Word problem involving the probability of a union In a packet of stickers there are 4 small stars, 9 small rockets, and 10 big rockets. But, there are no big stars. Rafael is going to choose one of these stickers from the packet at random to put on his artwork. What is the probability that the sticker Rafael chooses is big or is a star? Do not round intermediate computations, and round your answer to the nearest hundredth.
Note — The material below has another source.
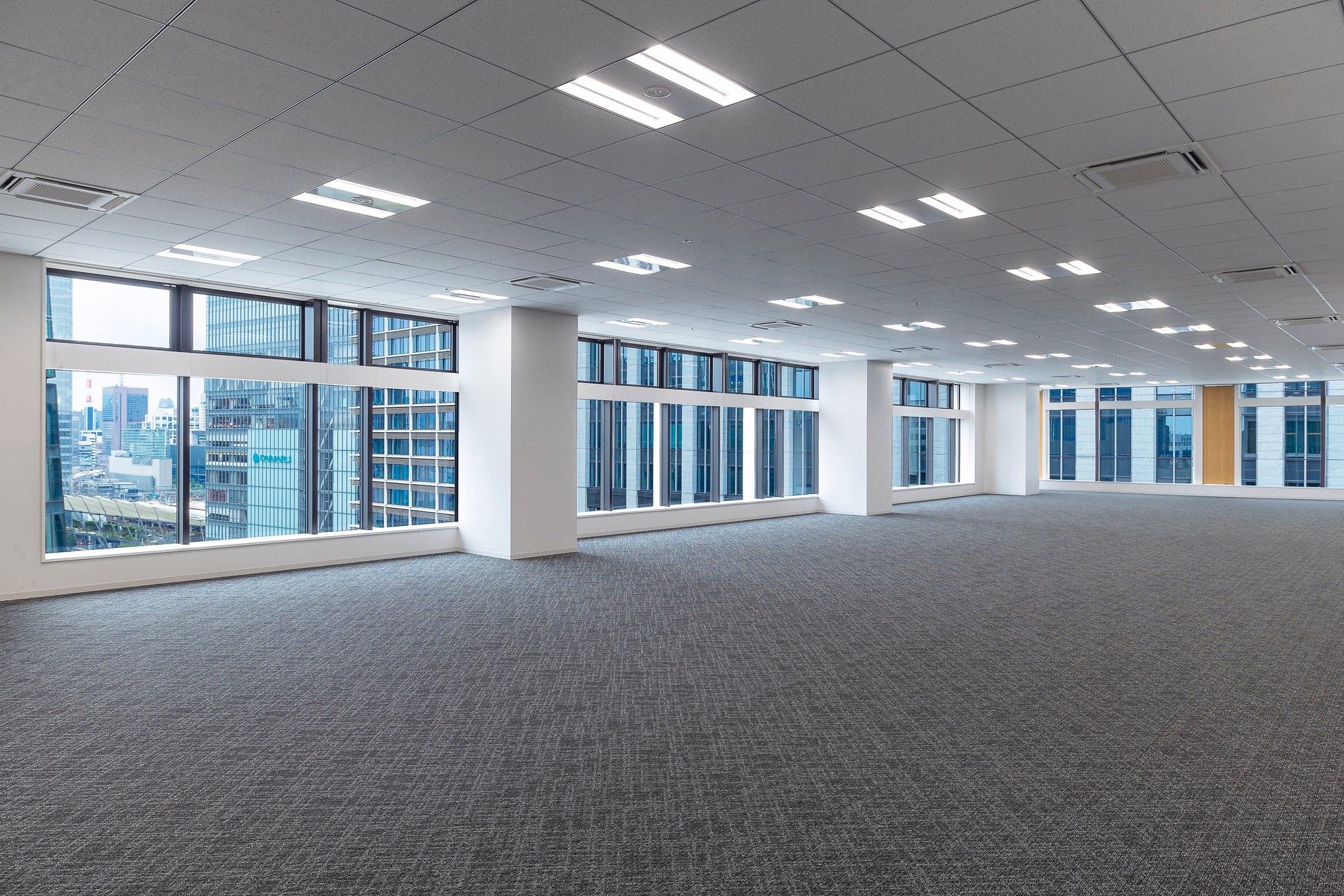 本物件は、人と環境への配慮が充実しています。夏場の直射日光を抑制する「軒」や、高断熱と遮熱を両立したLow-E複層ガラスを採用しています。ほかにも、専有部は開放感のある整形の無柱空間で、自由なレイアウトを可能にするグリッド式システム天井や、CO2削減を考慮した個別空調とLED照明ゾーニング、自然光活用で省エネに貢献するライトシェルフ、光を贅沢に取り込む南と西面の2面採光、外気を手軽に取り入れられる手動開閉可能な自然換気窓、コミュニケーションを育むオープンパントリーなど、「つながる機能」を付加し、ビジネスに多様な価値を創出します。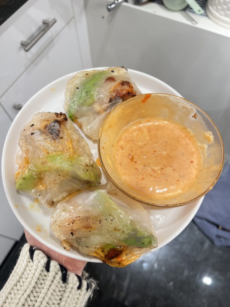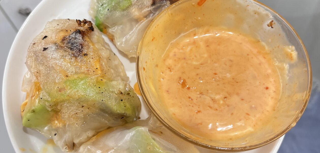 - Layer jasmine rice, salmon, bang bang sauce, and avocado in the center of each wrapper. Roll tightly.

To find the probability that Rafael chooses either a big sticker or a star sticker, we first need to identify our total number of stickers and the number of favorable outcomes. Total stickers = 4 (small stars) + 9 (small rockets) + 10 (big rockets) = 23 stickers. Now we calculate the number of big stickers and star stickers: - There are 0 big stars (as stated). - There are 10 big rockets. - There are 4 small stars. The probability of selecting a big sticker (big rockets) or a star sticker (small stars) can be formulated as follows: P(bigger sticker or star) = P(big stickers) + P(star stickers) - P(big stars). Since there are no big stars, P(big stars) = 0. Calculating the individual probabilities: P(big stickers) = Number of big rockets / Total stickers = 10/23, P(star stickers) = Number of small stars / Total stickers = 4/23. Now let's compute the total probability: P(big or star) = P(big stickers) + P(star stickers) - P(big stars) = (10/23) + (4/23) - 0 = (10 + 4) / 23 = 14 / 23. Now, we need to convert this to a decimal and round it to the nearest hundredth: 14 / 23 ≈ 0.6087. When rounded to the nearest hundredth, the final answer is: **0.61.**